* The data *
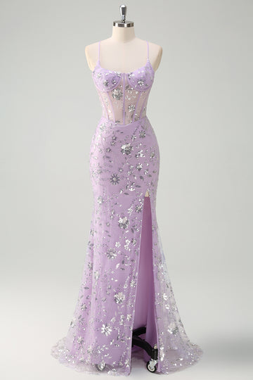 Sparkly Lilac Corset Mermaid Slit Prom Dress with Lace-up Back
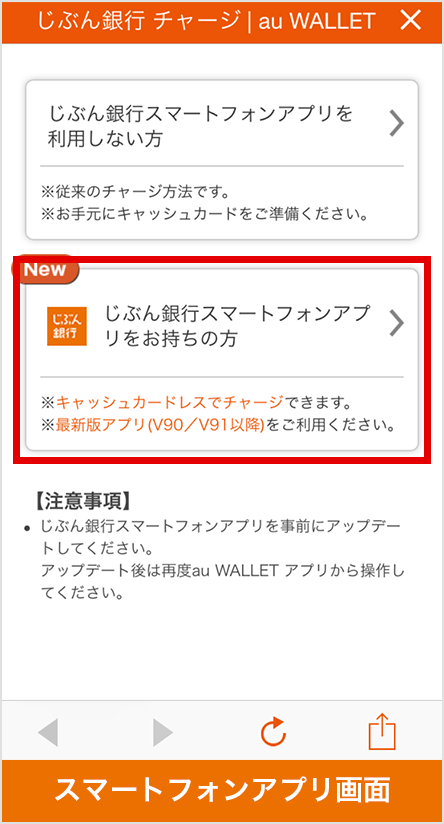 じぶん銀行スマートフォンアプリの利用状況にあわせて、チャージの方法を選択
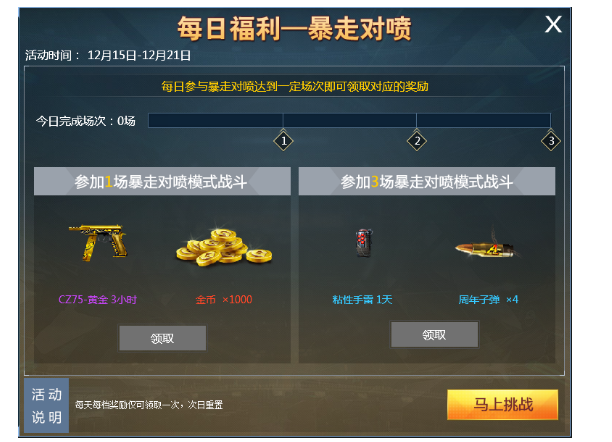 活动期间参与暴走对喷达到指定场次即可免费领取丰厚奖励!

* Task prompt *
Return each line of the material exactly as written; exclude the pictures.

* Finished exercise *
 Sparkly Lilac Corset Mermaid Slit Prom Dress with Lace-up Back
 じぶん銀行スマートフォンアプリの利用状況にあわせて、チャージの方法を選択
 活动期间参与暴走对喷达到指定场次即可免费领取丰厚奖励!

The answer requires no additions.